Shocked, I paused for a moment and waited for some sort of explanation. My first thought was it must be another woman, maybe a younger girl (as there were many at the campground) who was too shy to ask if I would be done soon. But when I didn’t make any declaration that I was aware of the cell phone, the owner became more bold and put his face under the stall door. Even with half of his face obscured and turned sideways, I was certain he was a male. I saw his brown hair speckled with gray, closely cropped. I saw his lightly tanned skin and his green or hazel eyes.
“Can I f****** help you!?!?” I yelled.
He quickly retreated and silence ensued. Was I alone in the bathroom, or was he waiting for me to open the door? I stood there, covered in suds, listening intently, with my heart and mind racing. When I felt confident that I was alone, I wrapped my towel around me and closed the main entrance door that had been propped open. I quickly finished showering, got dressed and hustled back to the campsite to tell Bob what had happened.
I felt disgusting as my eyes scanned the campground for the offender. I realized then that countless people at the campground fit my weak description - middle-aged white males with green, or hazel, or possibly light brown eyes. Even my own husband’s hair was roughly the same color as the perpetrator’s.
We spoke with the manager who seemed clueless on how to handle the situation, saying that nothing like this had ever happened there, and promising to ask around to see if anyone had seen a man entering or exiting the women’s room. Unsettled, but realizing we had an eight-hour journey ahead, we departed.
The following week, back in the safety of my own home, I started to feel a deep rage building inside of me. Why didn’t I yell when I saw the cellphone? Why hadn’t I kicked the man in the face? Why hadn’t I pursued him immediately? Why hadn’t I gone from campsite to campsite demanding to see the cell phone of each man?
Mostly, why hadn’t I been braver?
I always thought that if I was under attack or if somebody was taking advantage of me that I would respond heroically. But when it actually happened, I was only afraid, and I didn’t know how to save myself. I was left feeling a sickening anger, at the perpetrator and also mostly at myself for not taking action in a way I always thought I could.
Trying to digest both what had happened and my reaction to it, I relayed the story to the athletes that I coach and to my friends and family. Everyone reacted almost identically: disbelief then dismissal. Disbelief that anyone would try to take advantage of me, and then dismissal because I would be capable of handling anyone who meant me harm. What an air of confidence and bravery I must convey! Most of these conversations devolved into jokes of what could have been. My alternate universe super hero was often a sudsy avenger streaking across the campground in hot pursuit of the criminal.

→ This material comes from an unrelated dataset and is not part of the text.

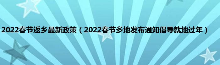 本文,2022春节返乡最新政策,2022春节多地发布通知倡导就地过年到此就分享完毕,希望对大家有所帮助。

I recognize this is a small assault, a juvenile act, a Peeping Tom and that there are so many others who have been violated in ways that I can’t even imagine. But that does not change that it was taking something from me that I did not consent to give.

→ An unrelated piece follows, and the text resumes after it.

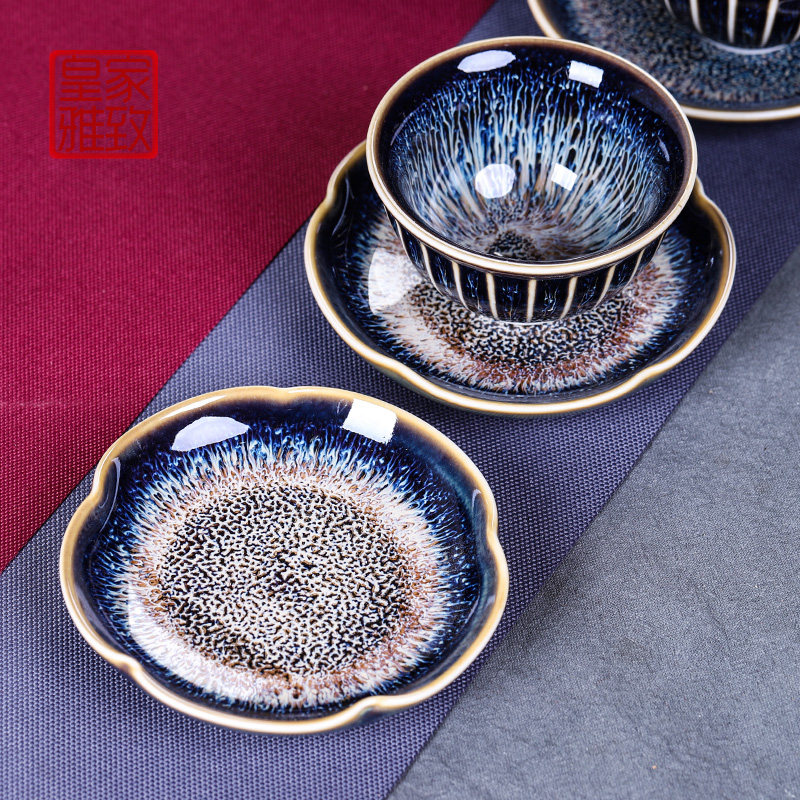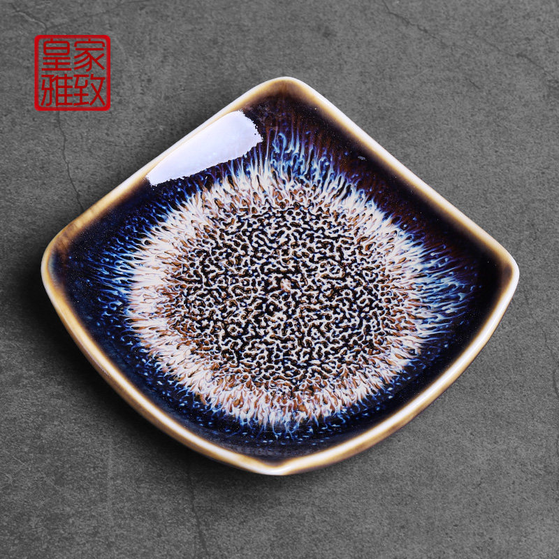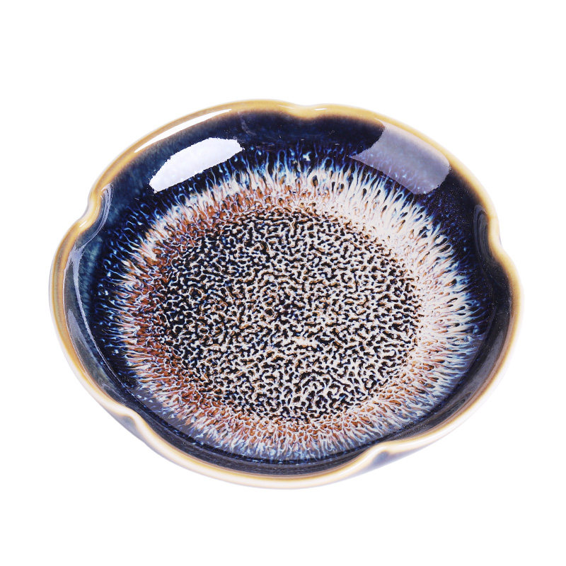 Vintage style ceramic Gongfu tea cup mat Anti-scalding kiln change Tianmu glaze tea tray Insulation mat Chinese Tea Ceremony spare parts

What I know for sure is I was not the first woman who was victim to this specific voyeur. He was brash. Not only did he enter a public women’s restroom in daylight with many other people in full view, but he exposed his face to the woman he was spying on. This is not covertly taking pictures from across the campground. He chose a high-risk situation with a large chance of being caught. That also makes me certain I will not be the last woman he violates.
Now thinking back to this moment I feel like it was a wake-up call. No one is impenetrable or invincible. Crimes of all kinds occur every day, even to the strongest of us. I have no desire to live in fear: fear of where I should or shouldn’t be, fear that I cannot take care of myself, or fear that something terrible is going to happen. I refuse. So I’ve signed up for Krav Maga, an Israeli self-defense seminar.
I want to understand how to protect myself and be my own savior. I want to respond to situations with intelligent bravery, not in fear. I want to live and run freely.